According to different hydrogenation methods, biogas purification methods can be divided into in-situ hydrogenation purification and ectopic hydrogenation purification. The so-called in-situ hydrogenation purification method refers to the direct introduction of exogenous hydrogen gas into a real biogas fermentation system, which converts CO2 from biogas into CH4 in situ, achieving the purpose of purifying and upgrading biogas. Foreign scholars have conducted a series of exploratory studies on hydrogenation purification technology:
In situ hydrogenation purification
Taking the fermentation system of solid waste such as livestock and poultry manure and flocculent sludge as the research object, experiments have shown that introducing exogenous hydrogen gas can effectively improve the generation rate and methane concentration of biogas, while the carbon dioxide content in biogas is reduced from 38% in the comparative experiment to 12%, achieving preliminary biogas purification effect.
In addition, in order to solve the problem of pH increase in in-situ biogas purification, they conducted experimental research on co fermentation with acidic waste, effectively controlling the pH value of the fermentation system below 8.0; In response to the difficulty of low gas-liquid mass transfer rate, hollow fiber membrane (HFM) module aeration was used instead of traditional microporous aeration to improve the gas-liquid mass transfer of H2 at the fermentation liquid interface.

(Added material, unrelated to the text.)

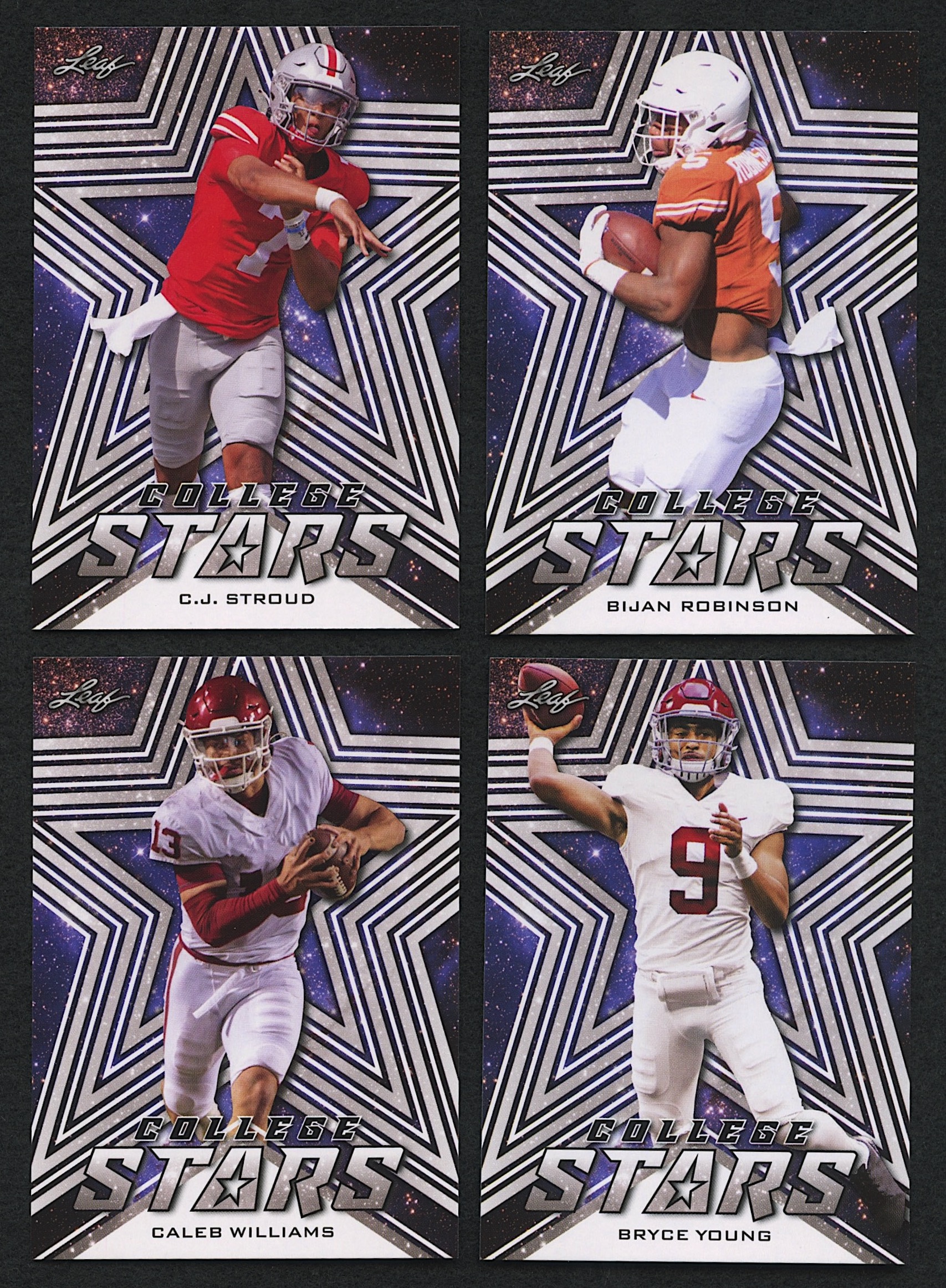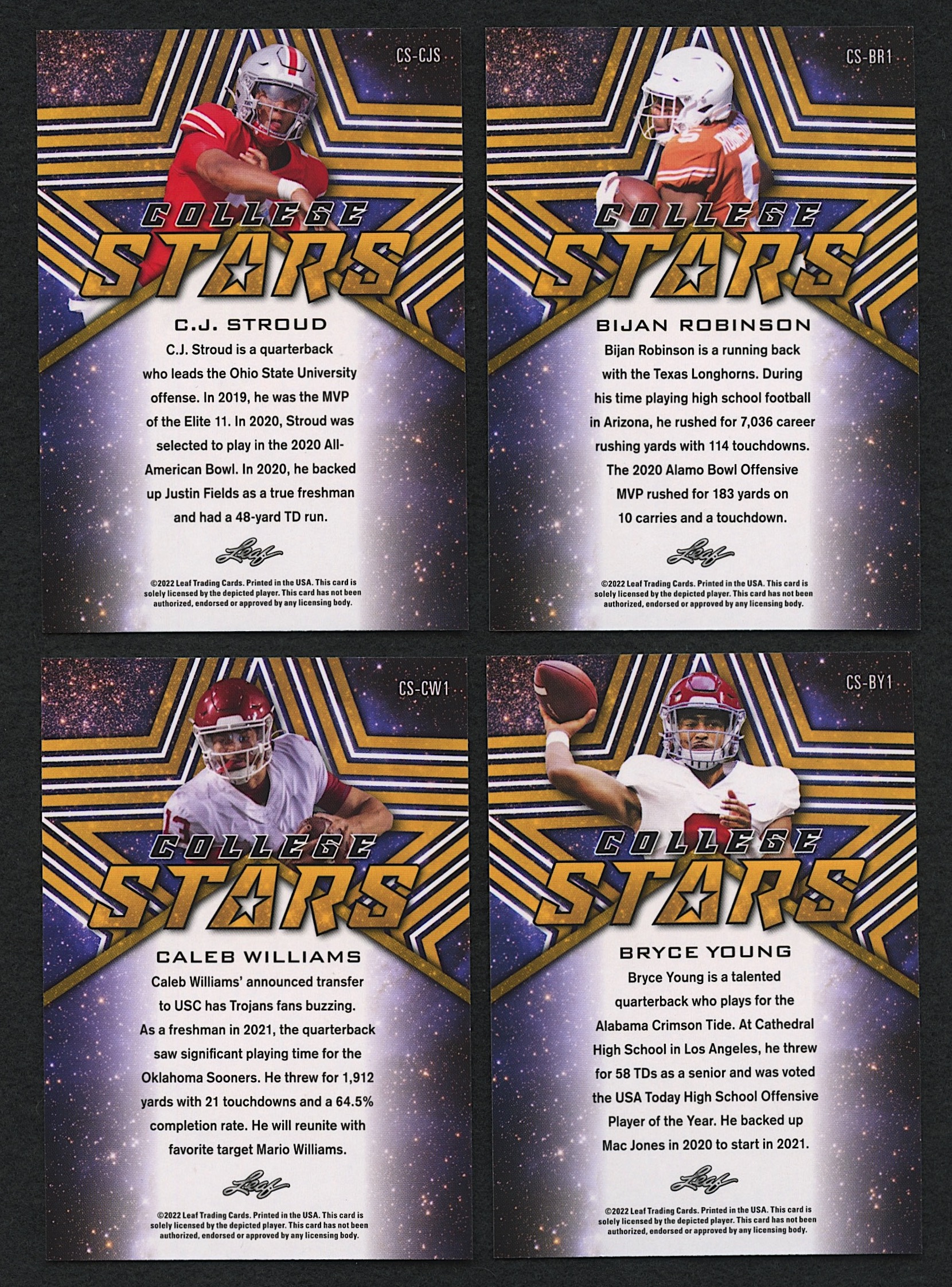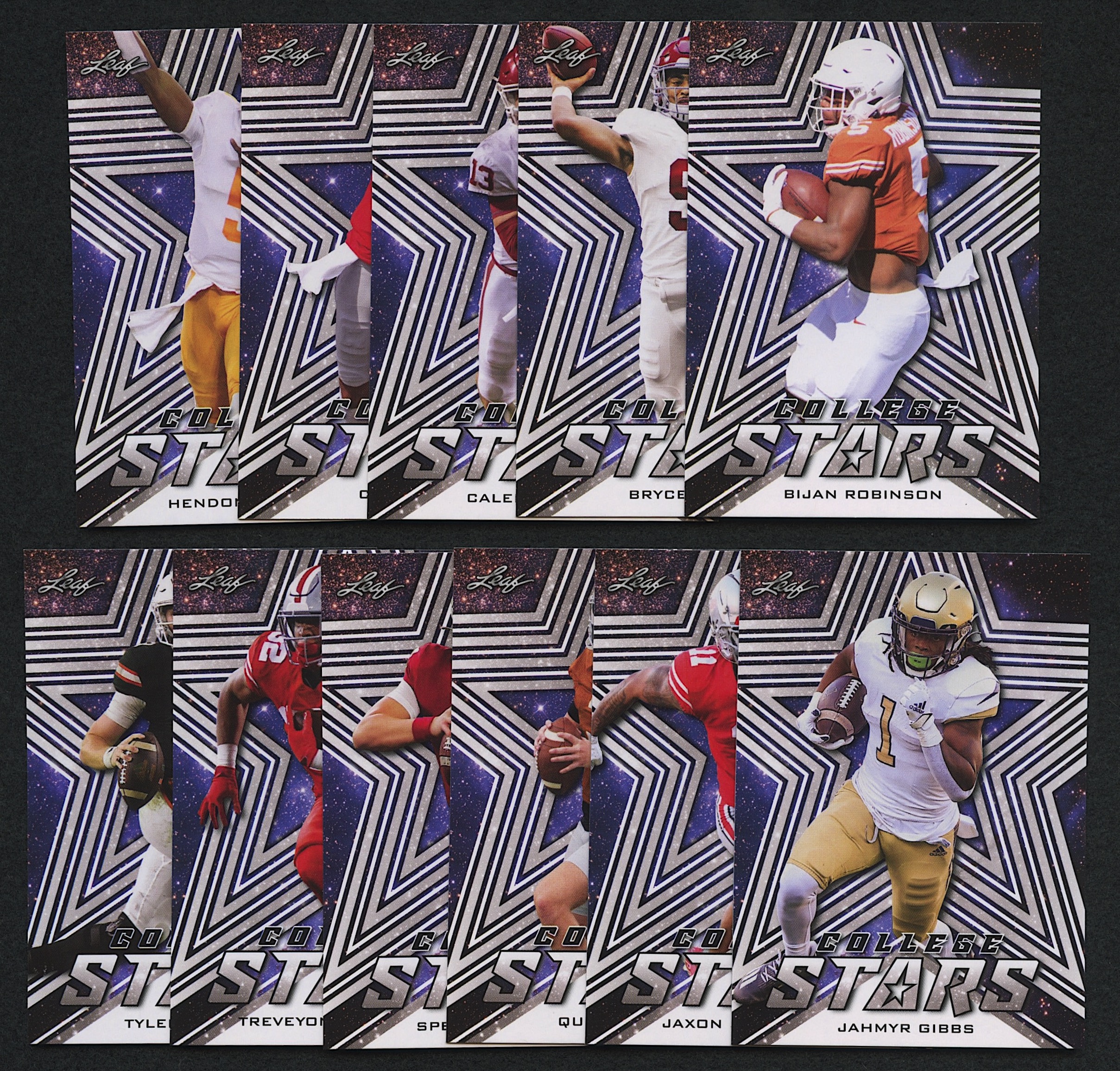 2022 Leaf College Stars White Complete Set of (11) Cards with Bijan Robinson RC, C.J. Strout RC, Caleb Williams RC, Bryce Young RC

The results showed that under a fermentation temperature of 55 ℃ and a stirring intensity of 150r/min, when continuously aerated at a rate of 1440mL/(L? D), H2 was completely consumed, and the concentration of CH4 reached 90.2%. However, in a hydrogen free fermentation system, the generated biogas only contained 55.4% CH4, with a proportion of CO2 accounting for 44.6%.
Ectopic hydrogenation purification
In the experiment of heterotopic biogas purification, an anaerobic reactor enriched with hydrogen loving methane bacteria was used as a separate biogas purification unit. After purification treatment, the CH4 in biogas reached about 95%, successfully achieving biogas purification.
In terms of hydrogen sources, in addition to utilizing renewable electricity to electrolyze water for hydrogen production, coke oven gas can also be used to replace pure hydrogen, achieving the dual goals of biogas purification and coke oven gas resource utilization simultaneously.